● **Exercise brief**
From the listing that follows, reproduce only the lines from the one holding "76.77 | C00014643" through the one holding "5. 2021年6月,信息服", both included, with no pictures.

● **Supplied data**
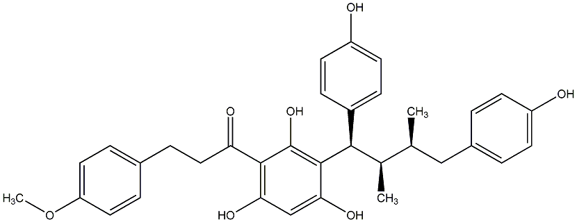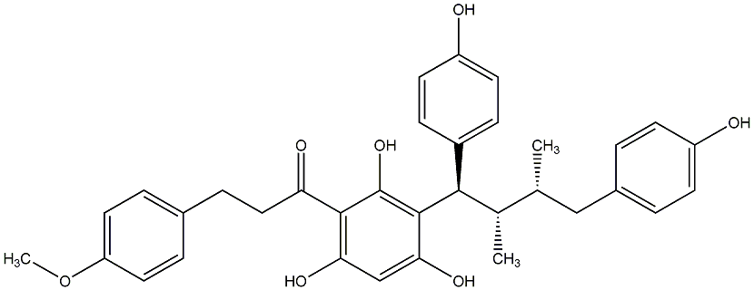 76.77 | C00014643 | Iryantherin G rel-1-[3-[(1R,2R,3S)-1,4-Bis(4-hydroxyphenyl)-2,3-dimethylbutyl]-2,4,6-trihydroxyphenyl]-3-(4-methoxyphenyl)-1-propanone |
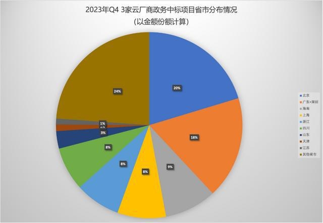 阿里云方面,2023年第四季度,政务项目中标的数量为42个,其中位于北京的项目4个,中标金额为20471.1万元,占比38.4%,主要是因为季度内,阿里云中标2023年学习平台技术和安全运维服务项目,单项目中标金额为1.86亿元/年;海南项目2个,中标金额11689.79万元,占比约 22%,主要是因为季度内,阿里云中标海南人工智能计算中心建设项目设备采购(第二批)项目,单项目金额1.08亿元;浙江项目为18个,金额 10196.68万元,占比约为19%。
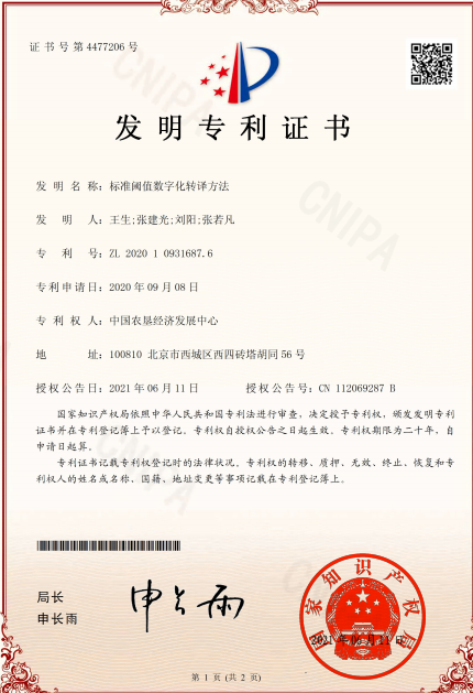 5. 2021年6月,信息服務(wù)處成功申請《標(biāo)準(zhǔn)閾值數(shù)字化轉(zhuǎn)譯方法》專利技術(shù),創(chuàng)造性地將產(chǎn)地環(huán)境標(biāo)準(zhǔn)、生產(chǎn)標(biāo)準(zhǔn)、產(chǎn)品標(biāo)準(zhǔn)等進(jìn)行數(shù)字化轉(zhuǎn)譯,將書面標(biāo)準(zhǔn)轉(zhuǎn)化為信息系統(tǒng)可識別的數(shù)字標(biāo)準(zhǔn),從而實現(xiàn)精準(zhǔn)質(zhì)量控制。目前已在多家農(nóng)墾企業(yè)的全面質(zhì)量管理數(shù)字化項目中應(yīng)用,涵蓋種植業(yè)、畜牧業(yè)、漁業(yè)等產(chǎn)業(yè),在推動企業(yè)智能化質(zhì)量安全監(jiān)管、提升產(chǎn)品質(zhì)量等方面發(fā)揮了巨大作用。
---
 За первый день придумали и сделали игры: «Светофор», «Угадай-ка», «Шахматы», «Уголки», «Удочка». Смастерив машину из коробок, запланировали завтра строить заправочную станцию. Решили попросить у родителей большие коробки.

● **Task output**
 76.77 | C00014643 | Iryantherin G rel-1-[3-[(1R,2R,3S)-1,4-Bis(4-hydroxyphenyl)-2,3-dimethylbutyl]-2,4,6-trihydroxyphenyl]-3-(4-methoxyphenyl)-1-propanone |
 阿里云方面,2023年第四季度,政务项目中标的数量为42个,其中位于北京的项目4个,中标金额为20471.1万元,占比38.4%,主要是因为季度内,阿里云中标2023年学习平台技术和安全运维服务项目,单项目中标金额为1.86亿元/年;海南项目2个,中标金额11689.79万元,占比约 22%,主要是因为季度内,阿里云中标海南人工智能计算中心建设项目设备采购(第二批)项目,单项目金额1.08亿元;浙江项目为18个,金额 10196.68万元,占比约为19%。
 5. 2021年6月,信息服務(wù)處成功申請《標(biāo)準(zhǔn)閾值數(shù)字化轉(zhuǎn)譯方法》專利技術(shù),創(chuàng)造性地將產(chǎn)地環(huán)境標(biāo)準(zhǔn)、生產(chǎn)標(biāo)準(zhǔn)、產(chǎn)品標(biāo)準(zhǔn)等進(jìn)行數(shù)字化轉(zhuǎn)譯,將書面標(biāo)準(zhǔn)轉(zhuǎn)化為信息系統(tǒng)可識別的數(shù)字標(biāo)準(zhǔn),從而實現(xiàn)精準(zhǔn)質(zhì)量控制。目前已在多家農(nóng)墾企業(yè)的全面質(zhì)量管理數(shù)字化項目中應(yīng)用,涵蓋種植業(yè)、畜牧業(yè)、漁業(yè)等產(chǎn)業(yè),在推動企業(yè)智能化質(zhì)量安全監(jiān)管、提升產(chǎn)品質(zhì)量等方面發(fā)揮了巨大作用。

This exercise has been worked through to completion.